Ms Allen said spending on Food and Beverage (-0.7 percent), Education (-0.6 percent) and Transport (-0.5 percent) also fell in February from a month earlier.
She said half of the 12 HSI spending categories rose in February, led by essential spending on Utilities (+1.9 percent), Health (+0.7 percent) and Insurance (+0.7 percent).
“The lift we saw in spending at the end of 2024, driven by discount and sales activity, hasn’t carried through to the New Year as constrained consumers dedicate a large portion of their wallet to spending on the essentials.”
Ms Allen said the annual HSI spending growth rate also slowed considerably in February to 1.5 percent.

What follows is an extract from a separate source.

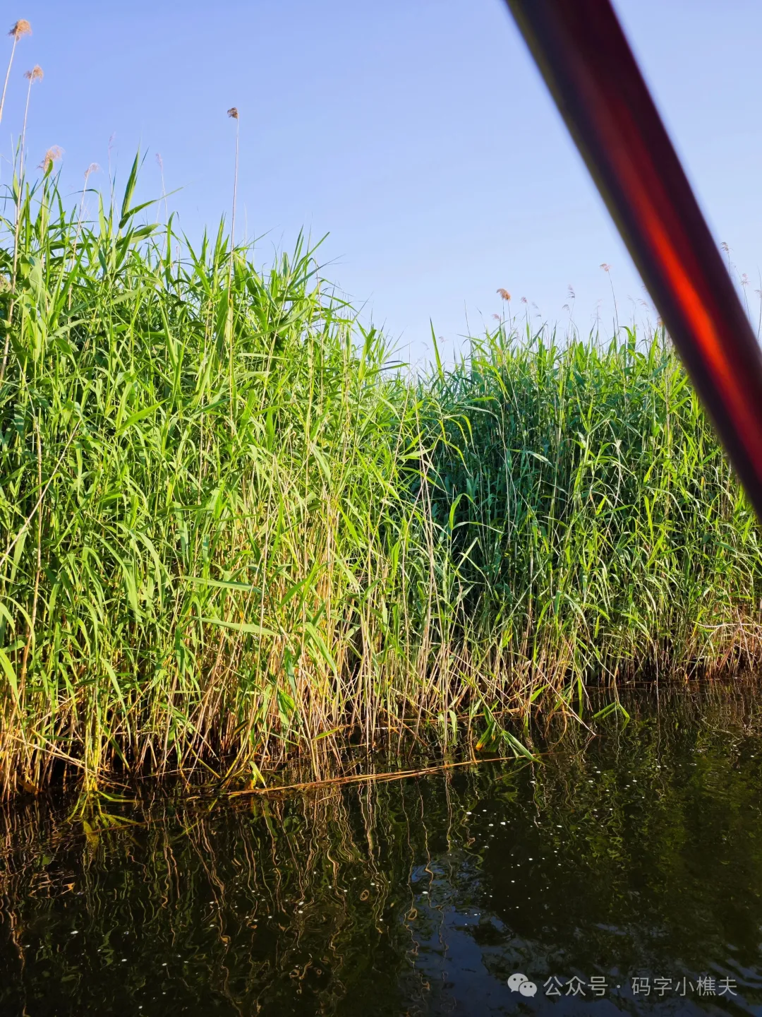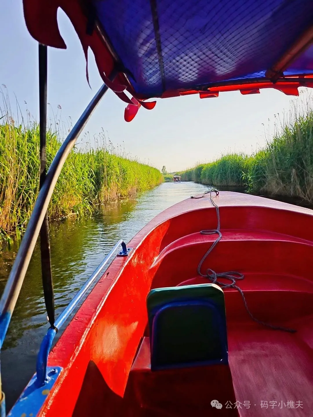 大哥说时间不早了,带我们穿梭一下芦苇荡。行进在芦苇荡里,才感觉是来白洋淀旅游了。小风一吹,欣赏片片绿色,还有悦耳的鸟叫声。水面波光粼粼,阳光散落在水面上,有点小意境。

She said that was a result of a combination of factors, including a shorter February than the 2024 leap year and the absence of last year’s “Taylor Swift effect” which boosted national spending this time last year.
“Annual spending has been mixed across the country and we await the March spending data to gauge the impacts of ex-tropical cyclone Alfred with parts of Queensland and northern NSW heavily impacted by the natural disaster.
“Looking ahead for the year, we believe it will take further interest rate relief to lift national consumer spending.”
Ms Allen said the CBA expected the Reserve Bank of Australia (RBA) to cut interest rates in May with data for the first quarter of 2025 confirming inflation was tracking toward the RBA’s 2-3 percent target.